BEHIND THE HORROR True Stories that Inspired Horror Movies by Lee Mellor

Now there is a lot to discuss and a lot to digest but first I must thank the good people over at Dorling Kindersley for letting us review this. Ever wondered what twisted real life events inspired PSYCHO? Every pondered the reason why Peter Benchley wrote JAWS, enabling us to see the great white beast stalk the seas? Have you thought on the facts behind the fictions of THE CONJURING? Well wonder no more. Dr Lee Mellor delves into the stories behind the stories, so to speak, in his book on the ‘true’ stories that inspired Horror cinema. Also featured in BEHIND THE HORROR is Hitchcock’s FRENZY, Friedkin’s THE EXORCIST, Hoppers POLTIEGIEST and cult hit THE TOWN THAT DREADED SUNDOWN among others. A wide array of Horror titans and genre staples. So to Mellor’s quest into the world of the real and the reel we go. The sort of journey that will no doubt throw up historic anomalies, stories told around campfires and legends shared from adult to child. It is an exploration of Horror and its multifaceted inspirations, expect curses, clotted blood and corpses galore.

Structured  chronologically and beginning where cinema came alive in some respects, for horrific horror, we visit Fritz Lang’s M.  The story of a child killer and legend of nastiness is explored with vigour. Mellor digs into the absurdly brutal world of post first war Germany. Taken alongside France and the United Kingdom, it had serious issues with murder and frenzied, seemingly random serial killings. This introduction or scene setter is clever. It harvests some truly interesting characters. Namely Berlun police inspector Ernst Gennat, coiner of term “Serienmorder”. Cleverly also here, Mellor sets up the pay off. We read about M (a film you should watch and many a film studies student does) via a synopsis that is full and fair. This allows Mellor to then dive into three murderers who it is believed (and substantiated) inspired its creation.

This pattern sees us through ROPE and the ubermencshs Leopold and Loeb, caught Colombo like, by a far Smarter Detective.  Round to PSYCHO and TEXAS CHAINSAW MASSARCE, both films were inspired by Ed Gein and on to Hitchcock again with FRENZY and an unsolved series of murders and two solved, one being Christie and the infamous 10 RILLINGTON PLACE (a failed nod at the movie here.) It’s at this point you feel a little tired. Murders, murder and row after row of sadistic acts is a little heavy on the soul. Then the actual devil turns up to revive us. THE EXORCIST is too many, the scariest movie ever made. A bed shaking, heart pounding, possession picture that invaded not only a child’s bedroom but our dreams. For others it’s just good cinema (its a masterpiece certainly). It also has its roots in fact, so to speak. The best version of the story comes from Ray Russell. It was called The Case Against Satan. This book never gets a look in here though (even though it undoubtedly reported from the same source.) Blatty’s version  is actually equally sublime and uses the real life possessed story of, well a pseudonym here but a 12 year old boy. Mellor elongated the events a little but gets the notes right and it tempers the preceding chapters. But it also hampers the final chapters (this is the mid way point).

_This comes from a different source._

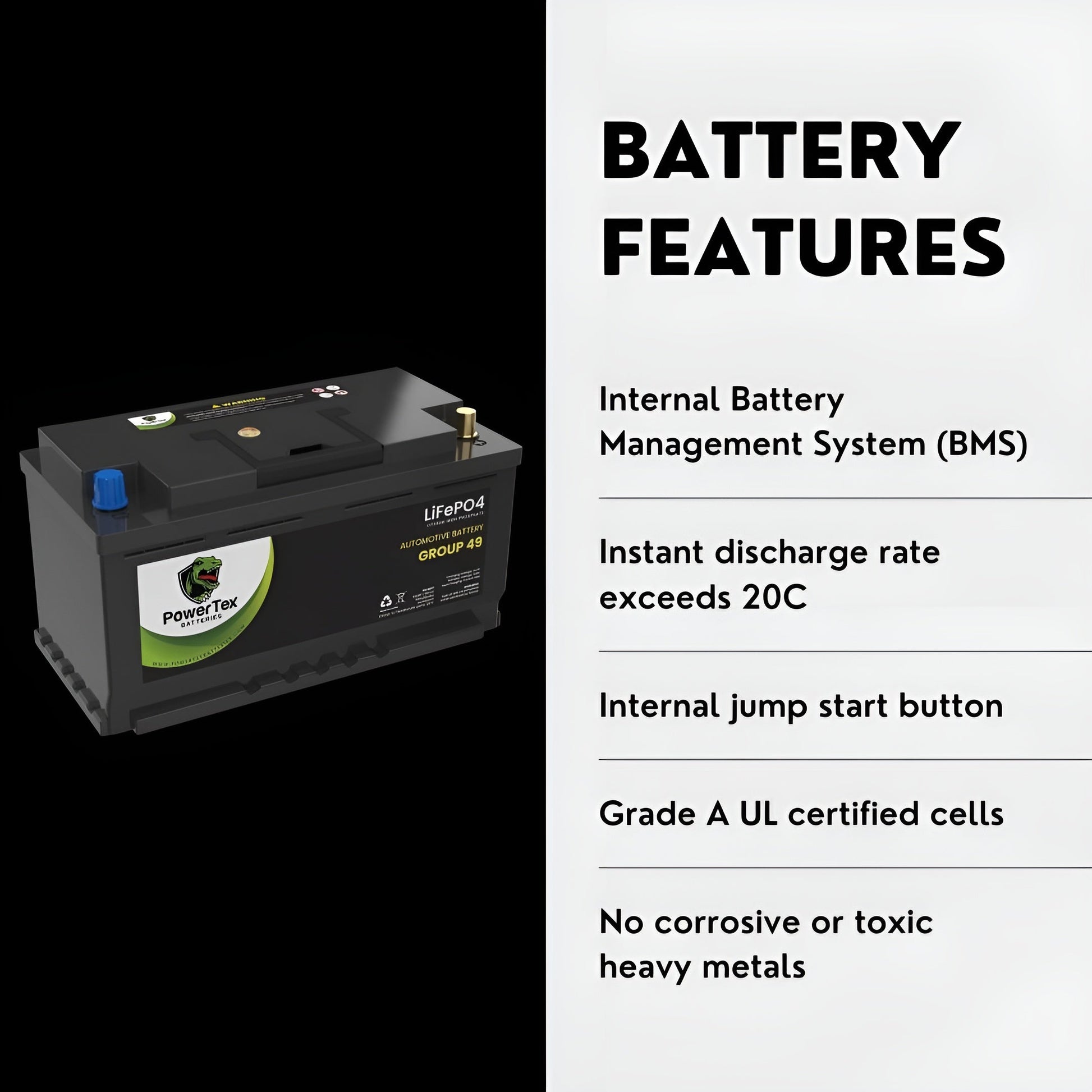 Maximized Longevity: Elevate your driving experience with the Powertex Lithium Iron Phosphate car battery, an optimal solution for maximizing your vehicle's potential. Crafted for extended durability surpassing conventional car batteries, this powerhouse delivers enhanced power and prolonged longevity. With LiFePO4, revel in sustained performance and unwavering reliability that elevates your journey every mile of the way.

We have a jarring note with JAWS. It surfaces and we explore the death of swimmers by sharks hunting seals. We also get the infamous story of the USS Indianapolis. The most shark attacks in recorded human history. Shocking but also as much infamy surrounds it as that of Elvis. We then get a series of town murders from THE TOWN THAT DREADED SUNDOWN. House possessed due to evil happenings THE AMITYVILLE HORROR and POLTIEGIEST. Tailed with THE CONJURING. All give us details and Mellor the chance to explore various vile events. However it is all a much of a much.

When we get to the best chapter in the book, THE NIGHTMARE ON ELM STREET. We are flagging. It makes the case of how deeply horrific sudden death syndrome was and the fear of the war which left America with a hangover for a generation. This unravelled the human misery of the era where humanity lost its humanity. Mellor talks fact, theory and the way it inspired a great film maker. He does the same with Hitchcock but mind  there Mellor has a gift for relationship building. As we go on he loses this. I felt it was the disjointed way the stories are structured. Chronological hampers his conversation. You feel in a way that it makes you less interested in the factual content and more in why you are jittered along with such differing content. The best chapters are where the book comes into its own. With the stories within the stories, that make the stories compelling and rich. However the whole flags and flops. This is not a film book in truth. It’s a link book. Link a murder or an event that inspired or could have been inspirational for a film and you get a book. A very good but lacking by the subject being fixed into place.